Mid-century lucite cufflinks by Swank in a very interesting geometric block design.
Approx. Size: Links (cm) : .75″ x .50″ (2 x 1.27), Tie Tac .50″ square.
Condition: Very minor wear on gold frame and lucite. Major wear on backs of links.
One of a kind vintage item. Get it before it’s gone.
Lucite Cufflinks Details
- Striking mid-century cufflink and tie tack set.
- Multicolor lucite blocks in blue, orange, gold, green, and gray.
- Brushed gold metal setting.
- Offset design on the blocks makes for a very dimensional design.
- Whale closure on cufflinks.
- Button chain on tie tac.
Swank began in 1897 when Samuel M. Stone and Maurice J. Baer founded the Attleboro Manufacturing Company to produce and sell women’s jewelry. In 1908, Baer formed a new division, called Baer and Wilde, to produce men’s jewelry with Stone in full charge of Attleboro Manufacturing. The new Baer and Wilde division operated alongside the Attleboro Manufacturing Company until 1918 when the Kum-A-Part cuff button was designed and became an instant success.
During World War I the Attleboro Manufacturing Company produced thousands of metal identification tags, better known as “dog tags,” and other emblems for the military. After the war, the women’s line was ended and the company began to exclusively produce men’s accessories including collar buttons, pins, tie clips, and dress sets. The name Swank first appeared in 1927 on a print ad for a men’s collar holder and in 1936, the company incorporated as Swank Products, Inc. In 1941, the name was changed to Swank, Inc.

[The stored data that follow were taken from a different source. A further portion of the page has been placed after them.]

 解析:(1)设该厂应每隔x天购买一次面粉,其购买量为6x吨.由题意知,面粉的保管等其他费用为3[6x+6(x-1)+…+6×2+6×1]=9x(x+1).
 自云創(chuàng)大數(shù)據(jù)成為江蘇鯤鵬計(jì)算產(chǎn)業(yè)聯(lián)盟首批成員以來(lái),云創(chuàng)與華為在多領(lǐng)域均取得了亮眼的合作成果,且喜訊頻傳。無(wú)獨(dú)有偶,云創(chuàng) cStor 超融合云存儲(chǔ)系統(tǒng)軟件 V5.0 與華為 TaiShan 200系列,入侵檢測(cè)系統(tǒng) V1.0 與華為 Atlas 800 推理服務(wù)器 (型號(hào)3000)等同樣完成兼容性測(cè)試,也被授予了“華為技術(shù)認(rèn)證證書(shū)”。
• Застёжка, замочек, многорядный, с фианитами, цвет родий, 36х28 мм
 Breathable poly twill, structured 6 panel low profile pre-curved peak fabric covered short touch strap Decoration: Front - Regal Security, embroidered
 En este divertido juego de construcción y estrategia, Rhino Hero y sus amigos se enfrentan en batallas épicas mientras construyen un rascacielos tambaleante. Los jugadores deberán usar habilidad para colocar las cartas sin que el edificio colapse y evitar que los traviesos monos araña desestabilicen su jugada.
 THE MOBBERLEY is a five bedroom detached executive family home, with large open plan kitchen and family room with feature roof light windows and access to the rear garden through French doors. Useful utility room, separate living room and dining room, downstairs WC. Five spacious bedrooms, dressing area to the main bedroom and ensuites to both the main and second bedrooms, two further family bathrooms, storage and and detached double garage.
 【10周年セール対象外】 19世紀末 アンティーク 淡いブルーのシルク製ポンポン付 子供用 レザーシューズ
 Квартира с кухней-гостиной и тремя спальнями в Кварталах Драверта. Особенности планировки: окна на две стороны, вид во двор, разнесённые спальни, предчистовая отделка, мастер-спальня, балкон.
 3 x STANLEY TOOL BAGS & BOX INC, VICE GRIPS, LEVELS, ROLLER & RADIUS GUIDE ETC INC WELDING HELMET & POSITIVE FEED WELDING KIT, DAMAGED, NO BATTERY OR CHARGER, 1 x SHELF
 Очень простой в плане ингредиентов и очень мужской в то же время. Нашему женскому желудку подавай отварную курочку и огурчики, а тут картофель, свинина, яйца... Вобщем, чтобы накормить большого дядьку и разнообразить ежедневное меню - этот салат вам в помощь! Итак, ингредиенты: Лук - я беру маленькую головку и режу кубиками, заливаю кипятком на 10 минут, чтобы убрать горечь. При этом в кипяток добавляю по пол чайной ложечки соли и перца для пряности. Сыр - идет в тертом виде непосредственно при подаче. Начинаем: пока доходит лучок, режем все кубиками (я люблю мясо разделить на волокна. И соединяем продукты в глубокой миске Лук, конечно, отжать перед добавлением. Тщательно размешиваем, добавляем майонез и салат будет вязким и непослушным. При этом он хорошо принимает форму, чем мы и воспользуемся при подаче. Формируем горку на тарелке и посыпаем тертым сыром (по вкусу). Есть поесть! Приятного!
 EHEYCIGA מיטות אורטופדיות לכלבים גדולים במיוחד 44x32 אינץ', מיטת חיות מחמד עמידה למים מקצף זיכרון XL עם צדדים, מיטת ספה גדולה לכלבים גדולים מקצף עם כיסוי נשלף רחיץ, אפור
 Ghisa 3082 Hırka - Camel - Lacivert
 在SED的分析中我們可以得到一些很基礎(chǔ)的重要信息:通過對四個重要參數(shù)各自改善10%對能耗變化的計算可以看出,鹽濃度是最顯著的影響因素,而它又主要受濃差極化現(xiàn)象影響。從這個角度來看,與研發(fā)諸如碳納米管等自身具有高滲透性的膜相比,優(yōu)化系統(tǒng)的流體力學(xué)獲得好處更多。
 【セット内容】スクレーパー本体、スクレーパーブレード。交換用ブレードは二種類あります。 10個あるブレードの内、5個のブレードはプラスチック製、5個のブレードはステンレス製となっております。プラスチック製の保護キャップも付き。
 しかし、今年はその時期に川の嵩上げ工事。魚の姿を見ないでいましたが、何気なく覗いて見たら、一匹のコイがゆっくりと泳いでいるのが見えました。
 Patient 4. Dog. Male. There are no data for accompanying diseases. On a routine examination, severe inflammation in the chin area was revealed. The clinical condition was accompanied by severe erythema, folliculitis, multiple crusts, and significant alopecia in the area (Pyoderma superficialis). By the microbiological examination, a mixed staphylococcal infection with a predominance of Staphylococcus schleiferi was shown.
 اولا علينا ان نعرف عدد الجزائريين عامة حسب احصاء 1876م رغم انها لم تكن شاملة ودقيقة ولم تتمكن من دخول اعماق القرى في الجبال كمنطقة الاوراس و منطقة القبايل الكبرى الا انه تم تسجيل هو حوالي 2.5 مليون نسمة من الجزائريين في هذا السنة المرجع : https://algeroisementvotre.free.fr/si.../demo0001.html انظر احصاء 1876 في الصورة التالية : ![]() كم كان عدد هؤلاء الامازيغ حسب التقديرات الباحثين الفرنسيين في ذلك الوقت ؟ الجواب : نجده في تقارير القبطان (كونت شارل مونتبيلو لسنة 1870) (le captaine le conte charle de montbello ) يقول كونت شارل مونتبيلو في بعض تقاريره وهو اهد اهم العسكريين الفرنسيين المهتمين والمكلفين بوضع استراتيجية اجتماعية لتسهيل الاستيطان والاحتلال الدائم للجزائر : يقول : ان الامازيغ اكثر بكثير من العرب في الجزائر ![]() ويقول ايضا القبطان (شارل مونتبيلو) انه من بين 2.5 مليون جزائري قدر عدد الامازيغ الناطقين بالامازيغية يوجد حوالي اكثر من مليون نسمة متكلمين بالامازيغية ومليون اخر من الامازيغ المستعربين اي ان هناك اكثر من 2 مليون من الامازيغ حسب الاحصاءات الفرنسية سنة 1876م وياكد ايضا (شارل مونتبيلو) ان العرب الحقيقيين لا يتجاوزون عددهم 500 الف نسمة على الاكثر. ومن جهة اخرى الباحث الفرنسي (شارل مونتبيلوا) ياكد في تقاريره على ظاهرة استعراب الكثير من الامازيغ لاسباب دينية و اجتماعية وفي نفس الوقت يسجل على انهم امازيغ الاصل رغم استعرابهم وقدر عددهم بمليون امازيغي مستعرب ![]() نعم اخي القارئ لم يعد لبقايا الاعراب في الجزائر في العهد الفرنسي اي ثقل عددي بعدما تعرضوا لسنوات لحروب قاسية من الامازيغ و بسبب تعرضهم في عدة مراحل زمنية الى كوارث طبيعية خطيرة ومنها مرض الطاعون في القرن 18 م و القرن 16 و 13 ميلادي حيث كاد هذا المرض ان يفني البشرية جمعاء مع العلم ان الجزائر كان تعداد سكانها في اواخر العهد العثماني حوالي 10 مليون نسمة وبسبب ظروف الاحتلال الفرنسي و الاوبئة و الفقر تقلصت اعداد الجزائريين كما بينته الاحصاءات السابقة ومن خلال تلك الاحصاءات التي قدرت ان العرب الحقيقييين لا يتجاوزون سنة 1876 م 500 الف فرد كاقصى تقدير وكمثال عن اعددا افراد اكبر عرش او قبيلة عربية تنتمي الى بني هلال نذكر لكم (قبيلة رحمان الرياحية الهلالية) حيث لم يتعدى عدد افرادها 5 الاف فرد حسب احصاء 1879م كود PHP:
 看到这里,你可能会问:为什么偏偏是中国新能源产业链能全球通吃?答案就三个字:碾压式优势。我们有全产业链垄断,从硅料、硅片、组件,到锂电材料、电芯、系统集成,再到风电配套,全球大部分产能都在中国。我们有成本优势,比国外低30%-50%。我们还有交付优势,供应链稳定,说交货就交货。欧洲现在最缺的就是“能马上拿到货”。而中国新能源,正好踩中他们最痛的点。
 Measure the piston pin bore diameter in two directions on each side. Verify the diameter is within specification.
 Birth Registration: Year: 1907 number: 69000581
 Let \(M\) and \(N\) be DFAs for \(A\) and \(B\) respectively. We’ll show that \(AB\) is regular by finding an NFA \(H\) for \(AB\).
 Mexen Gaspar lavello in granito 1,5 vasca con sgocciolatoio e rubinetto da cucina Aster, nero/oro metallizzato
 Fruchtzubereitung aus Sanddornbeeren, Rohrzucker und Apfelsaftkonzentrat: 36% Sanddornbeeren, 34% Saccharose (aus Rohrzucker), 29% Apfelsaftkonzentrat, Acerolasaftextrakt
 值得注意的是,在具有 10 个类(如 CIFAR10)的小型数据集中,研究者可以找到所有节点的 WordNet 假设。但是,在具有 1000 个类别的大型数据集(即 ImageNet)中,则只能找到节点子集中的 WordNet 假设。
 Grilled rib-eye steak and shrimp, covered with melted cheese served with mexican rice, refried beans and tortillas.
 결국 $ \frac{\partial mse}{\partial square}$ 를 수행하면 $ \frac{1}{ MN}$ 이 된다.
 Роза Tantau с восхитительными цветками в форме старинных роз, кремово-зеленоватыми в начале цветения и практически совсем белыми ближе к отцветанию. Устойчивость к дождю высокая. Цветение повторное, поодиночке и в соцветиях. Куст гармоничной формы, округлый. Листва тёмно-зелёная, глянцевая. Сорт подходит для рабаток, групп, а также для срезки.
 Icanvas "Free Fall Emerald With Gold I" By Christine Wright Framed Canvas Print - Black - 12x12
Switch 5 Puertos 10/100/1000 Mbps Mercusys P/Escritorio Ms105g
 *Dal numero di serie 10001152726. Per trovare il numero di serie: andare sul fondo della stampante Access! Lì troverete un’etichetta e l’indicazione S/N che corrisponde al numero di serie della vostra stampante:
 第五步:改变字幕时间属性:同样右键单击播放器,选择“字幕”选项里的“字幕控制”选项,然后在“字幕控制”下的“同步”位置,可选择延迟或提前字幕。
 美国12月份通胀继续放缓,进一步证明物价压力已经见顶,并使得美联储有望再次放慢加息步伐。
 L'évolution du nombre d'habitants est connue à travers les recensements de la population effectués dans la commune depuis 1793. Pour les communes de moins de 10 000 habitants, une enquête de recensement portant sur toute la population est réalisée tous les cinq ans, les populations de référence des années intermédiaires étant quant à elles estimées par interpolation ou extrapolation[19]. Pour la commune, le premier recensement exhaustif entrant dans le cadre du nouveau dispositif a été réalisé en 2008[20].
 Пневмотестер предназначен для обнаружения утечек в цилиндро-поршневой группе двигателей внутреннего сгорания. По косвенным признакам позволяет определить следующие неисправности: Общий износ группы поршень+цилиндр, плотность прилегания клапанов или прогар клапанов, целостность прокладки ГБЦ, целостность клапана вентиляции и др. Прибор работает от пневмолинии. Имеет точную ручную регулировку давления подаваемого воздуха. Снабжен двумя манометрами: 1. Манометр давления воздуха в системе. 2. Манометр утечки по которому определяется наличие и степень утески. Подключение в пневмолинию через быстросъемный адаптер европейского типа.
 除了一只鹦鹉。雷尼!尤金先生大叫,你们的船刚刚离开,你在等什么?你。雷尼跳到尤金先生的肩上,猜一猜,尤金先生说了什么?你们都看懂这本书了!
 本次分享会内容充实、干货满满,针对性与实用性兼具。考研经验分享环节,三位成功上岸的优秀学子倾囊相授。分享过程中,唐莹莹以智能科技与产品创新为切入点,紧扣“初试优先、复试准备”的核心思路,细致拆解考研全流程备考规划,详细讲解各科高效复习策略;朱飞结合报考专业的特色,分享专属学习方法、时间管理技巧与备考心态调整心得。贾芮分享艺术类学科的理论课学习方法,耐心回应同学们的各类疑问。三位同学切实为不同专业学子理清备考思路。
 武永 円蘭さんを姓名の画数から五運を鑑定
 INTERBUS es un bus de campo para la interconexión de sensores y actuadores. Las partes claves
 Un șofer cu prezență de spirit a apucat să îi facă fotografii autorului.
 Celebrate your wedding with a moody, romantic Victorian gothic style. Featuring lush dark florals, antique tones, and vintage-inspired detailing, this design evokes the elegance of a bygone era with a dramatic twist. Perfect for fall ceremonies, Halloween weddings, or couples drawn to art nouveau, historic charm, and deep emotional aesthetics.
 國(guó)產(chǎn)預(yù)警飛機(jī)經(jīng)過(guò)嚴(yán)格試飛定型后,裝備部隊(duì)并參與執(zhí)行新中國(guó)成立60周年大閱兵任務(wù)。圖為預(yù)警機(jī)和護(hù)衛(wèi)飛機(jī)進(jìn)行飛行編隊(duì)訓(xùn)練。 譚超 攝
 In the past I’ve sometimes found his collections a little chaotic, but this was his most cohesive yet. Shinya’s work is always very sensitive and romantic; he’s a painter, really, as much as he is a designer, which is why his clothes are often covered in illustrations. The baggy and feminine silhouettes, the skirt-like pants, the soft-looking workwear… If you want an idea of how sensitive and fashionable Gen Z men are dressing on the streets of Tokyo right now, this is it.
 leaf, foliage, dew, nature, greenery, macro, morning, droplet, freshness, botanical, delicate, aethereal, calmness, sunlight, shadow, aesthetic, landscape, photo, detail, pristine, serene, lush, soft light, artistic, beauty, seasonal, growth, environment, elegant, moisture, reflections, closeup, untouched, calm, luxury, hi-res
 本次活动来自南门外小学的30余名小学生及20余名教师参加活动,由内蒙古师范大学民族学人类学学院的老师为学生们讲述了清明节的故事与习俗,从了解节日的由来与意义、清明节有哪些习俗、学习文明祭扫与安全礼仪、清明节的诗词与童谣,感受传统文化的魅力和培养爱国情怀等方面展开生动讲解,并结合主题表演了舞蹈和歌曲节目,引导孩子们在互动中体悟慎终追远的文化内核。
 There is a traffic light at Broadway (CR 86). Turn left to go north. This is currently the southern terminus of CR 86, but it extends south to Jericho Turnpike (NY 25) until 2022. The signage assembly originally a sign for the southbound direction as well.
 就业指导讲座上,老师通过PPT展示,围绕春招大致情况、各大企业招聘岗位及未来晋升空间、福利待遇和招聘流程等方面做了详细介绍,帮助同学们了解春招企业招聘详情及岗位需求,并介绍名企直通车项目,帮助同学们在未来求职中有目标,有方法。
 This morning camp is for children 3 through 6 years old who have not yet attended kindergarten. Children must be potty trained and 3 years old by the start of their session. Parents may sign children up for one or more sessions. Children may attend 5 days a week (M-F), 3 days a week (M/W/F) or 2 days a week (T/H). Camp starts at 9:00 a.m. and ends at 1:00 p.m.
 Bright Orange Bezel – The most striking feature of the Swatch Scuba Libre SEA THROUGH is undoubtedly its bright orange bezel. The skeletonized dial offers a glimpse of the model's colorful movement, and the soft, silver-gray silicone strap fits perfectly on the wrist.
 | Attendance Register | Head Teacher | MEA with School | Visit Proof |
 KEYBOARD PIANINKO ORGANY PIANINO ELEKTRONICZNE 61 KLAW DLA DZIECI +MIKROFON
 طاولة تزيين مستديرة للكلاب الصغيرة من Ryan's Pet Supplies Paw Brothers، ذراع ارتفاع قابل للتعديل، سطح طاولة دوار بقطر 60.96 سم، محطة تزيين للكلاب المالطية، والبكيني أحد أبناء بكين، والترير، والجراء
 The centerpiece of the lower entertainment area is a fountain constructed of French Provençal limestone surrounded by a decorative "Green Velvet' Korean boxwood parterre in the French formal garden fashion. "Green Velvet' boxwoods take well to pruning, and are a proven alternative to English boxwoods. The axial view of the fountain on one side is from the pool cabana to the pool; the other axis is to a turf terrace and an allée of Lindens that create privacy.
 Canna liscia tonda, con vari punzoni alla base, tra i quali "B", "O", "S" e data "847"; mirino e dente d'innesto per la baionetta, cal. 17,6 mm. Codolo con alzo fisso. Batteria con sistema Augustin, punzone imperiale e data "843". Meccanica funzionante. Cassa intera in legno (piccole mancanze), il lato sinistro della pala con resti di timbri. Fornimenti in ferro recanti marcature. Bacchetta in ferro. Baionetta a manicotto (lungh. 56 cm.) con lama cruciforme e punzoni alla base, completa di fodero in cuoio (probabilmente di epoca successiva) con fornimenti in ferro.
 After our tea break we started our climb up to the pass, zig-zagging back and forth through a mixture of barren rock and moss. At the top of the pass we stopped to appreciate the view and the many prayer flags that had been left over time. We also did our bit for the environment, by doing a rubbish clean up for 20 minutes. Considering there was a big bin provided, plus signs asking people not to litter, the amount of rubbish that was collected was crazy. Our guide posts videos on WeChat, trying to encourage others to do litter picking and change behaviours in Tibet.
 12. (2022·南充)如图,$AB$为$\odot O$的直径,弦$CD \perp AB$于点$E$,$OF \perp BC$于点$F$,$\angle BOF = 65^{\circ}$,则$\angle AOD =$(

Once again war came calling and Swank put accessories on hold to manufacture precision parts for automatic weapons plus the purple heart and the bronze star medals. After the war, Swank become one of the leading manufacturers of men’s accessories including cufflinks and tie clips. In the 1960s and 1970s, the company purchased several leather goods companies including Prince Gardner Company, a manufacturer of men’s and women’s leather goods marketed under the Prince and Princess Gardner brand names; Crestline Manufacturing Company, and the Alco Leather Manufacturing Corporation. Leather goods were sold under various labels including Swank, Pierre Cardin, and L’Aiglon. They also manufactured fragrances under the Royal Copenhagen name. In the 1980s and 1990s, Swank reentered the women’s jewelry market with the Anne Klein label and received a license to manufacture jewelry and accessories with the Guess? label. The company is still in operation today.